You and I are on the same page, but you're using the word 'experience' in a
more narrow sense than I am. You can experience words and things that are
(roughly) objects and my point still stands. Things that are objects are still
better thought of generally as experiences. It's just more consistent.

Another way of putting this is that language learning is mostly about encoding
the appropriateness of linguistic constructs in varying contexts. So it is
appropriate to act like you are in a restaurant when you are in what looks to
be a restaurant. It is appropriate to run with the pack. It is appropriate to
run from a lion and chase down a gazelle. This is basically the whole point of
a nervous system, if you want to go wild with it. We just evolved a
specialized adaptation for using our 'appropriateness-engines' on words and
symbols rather than general feelings of what is going on around us.

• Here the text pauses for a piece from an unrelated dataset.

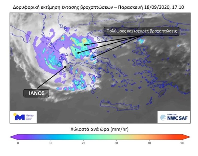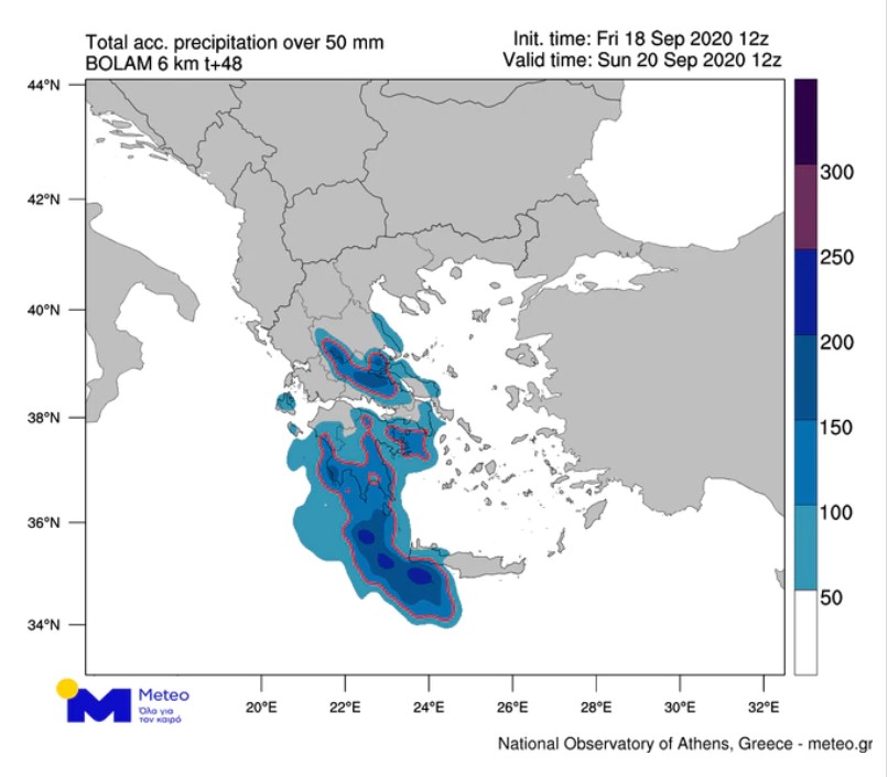 Πιο αναλυτικά, το Σάββατο 19 Σεπτεμβρίου 2020 στο Νότιο Ιόνιο και κυρίως στα ανατολικά και νότια ηπειρωτικά τμήματα, στην Εύβοια, στις Δυτικές Κυκλάδες και στη Δυτική Κρήτη αναμένονται τοπικά πολύ ισχυρές βροχοπτώσεις και σποραδικές καταιγίδες. Τα φαινόμενα κατά τη διάρκεια της ημέρας θα μετατοπίζονται νοτιότερα και τα βράδυ θα περιοριστούν στη Νότια Πελοπόννησο και τη Δυτική Κρήτη.

At least, that's a rough draft of what I'm getting at.

------
Alex3917
\- We've known about the value of talking to babies since Hart & Risley
published their study in 1995: [http://www.amazon.com/Meaningful-Differences-
Everyday-Experi...](http://www.amazon.com/Meaningful-Differences-Everyday-
Experience-American/dp/1557661979)

\- We've known that there is basically no value in reading to your kids since
Scarborough & Dobrich published their report in 1994.

All very important to know, but at this point this is kind of a useless
article because it's highlighting only one random result out of hundreds of
studies that have looked at these issues.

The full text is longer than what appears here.